The dimensions of the illegal aliens' problem are large, at an estimated 5 crore people, and poses a substantial security and demographic risk/threat. Particularly when they are also allowed to vote on the strength of their genuine identity papers but obtained by questionable means.

This commonsense argument against, outweighs the so-called humanitarian angle towards illegal “refugees”. It outweighs also the economic argument, from those who would have soft borders, as if we were a budding EU, rather than a country besieged with two hostile neighbours. The biggest of them, in fact, in cahoots with each other, and growing their influence with other minnows in the area as well. 

This despite a more or less constant subversion and terrorism, sometimes using networks of illegal aliens, many of whom are from the minority community, hard to ferret out from minority ghettos, and easily radicalized to boot. 

And then there is the more cynical aiding and abetting of illegal aliens to bolster vote banks in border states such as Bengal, alter demographics altogether, as in  Assam and the other Northeastern states, and even plant Rohingyas all the way across, in Jammu.

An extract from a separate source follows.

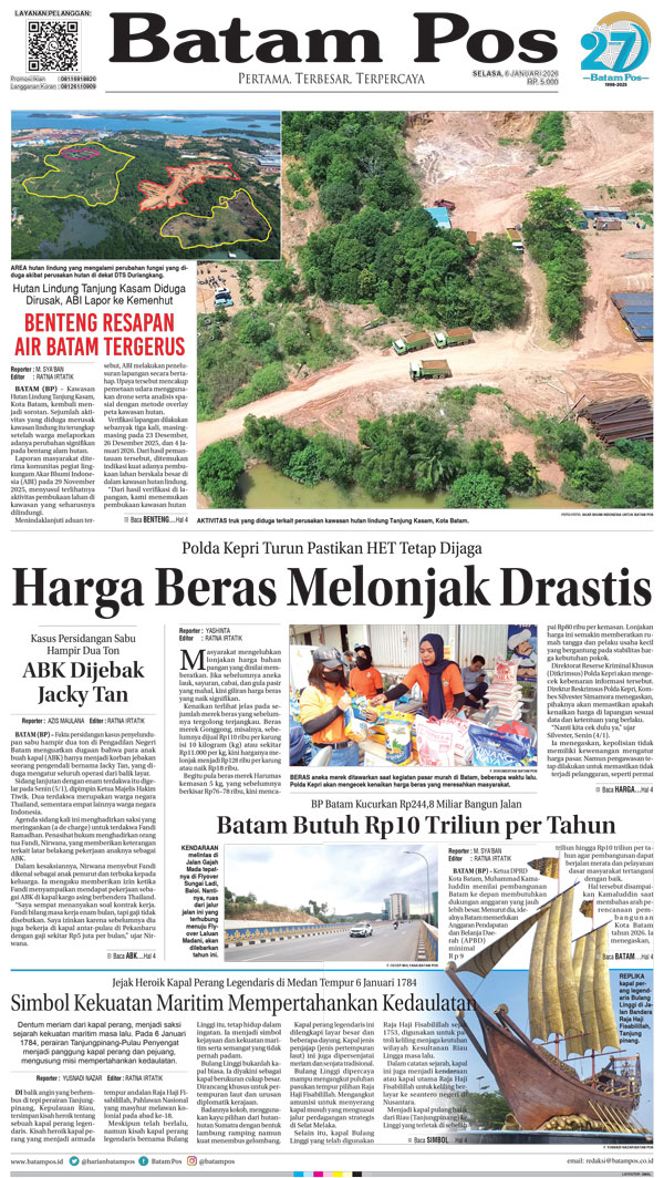 Silakan berlangganan untuk bisa membaca keseluruhan berita di Harian Batam Pos. ﹢ Berlangganan Baca Juga 13 Februari 2026 13 Februari 2026 WhatsAppTelegram 6 Januari 2026 6 Januari 2026 Buka konten iniDengan mendaftarkan diri Anda di Harian Batam Pos, Anda akan mendapatkan akses penuh ke seluruh konten.SubscribeKami tidak akan mengirimkan email yang tidak berkaitan dengan akun Anda.Saya setuju untuk memperoses data saya sesuai dengan Aturan Layanan yang disediakan.

But quite apart from the fate of Aadhaar, the electronic and digital mapping of individuals and their secrets, in the age of nearly a billion smartphones in use, is so widespread, that the Privacy argument, in practical terms, is already dead in the water. 

The biggest tangible success using Aadhaar so far has been in the direct disbursement of subsidies via authenticated bank accounts of the poor. Because it has rooted out many false identities, middlemen, and duplications from the system, thereby saving the exchequer crores of rupees, it does not agree with those who were milking the earlier system. 

It is necessary to note, however, that the data on Aadhaar apart, the government is within its constitutional rights to conduct various forms of surveillance to protect its integrity in terms of National Security.  

Biometric data is the incontrovertible proof of individual identity. This has long been known and applied in the issuance of a number of European visas as well as in other sophisticated security systems gateways. 

The United States, the oldest Democracy, even as India is the most populous one, has long collected and used  Aadhaar style data via its Social Security numbering system. It also has covered almost every square inch of its territory via satellite and terrestrial surveillance cameras. Things on the move are tracked too via GPS and other systems. Even facilities underground, or in the deep sea, are monitored today. There is therefore nowhere to run and nowhere to hide. Similar methods and devices are used all over the world in all kinds of political systems. 


Despite this, there are security breaches, electronic data hackings and subversion, while ever more sophisticated anti-hacking and anti-data theft systems are being constantly developed. 

India has little choice, in a globalised world, but to follow suit. This is a digital age and the analogue argument cannot hold water any more.

Of course, it is understandable that the stripping away of the erstwhile power to manipulate data to suit oneself is a massive change in the game that is hard to digest for some. Wanting to go back to paper ballots is part of this longing. As is the attempt via outfits like Cambridge Analytica to use personal data clandestinely to influence elections.  

International hackings into military hardware, banking systems and political data banks are also potent enough to develop crack units to conduct cyber warfare in turn.
The digital age is throwing up its own challenges, to be sure, but there is literally no going back. 

Possibly, the only way to stay anonymous today is to never use anything with electronics in it. But is this at all feasible for any length of time?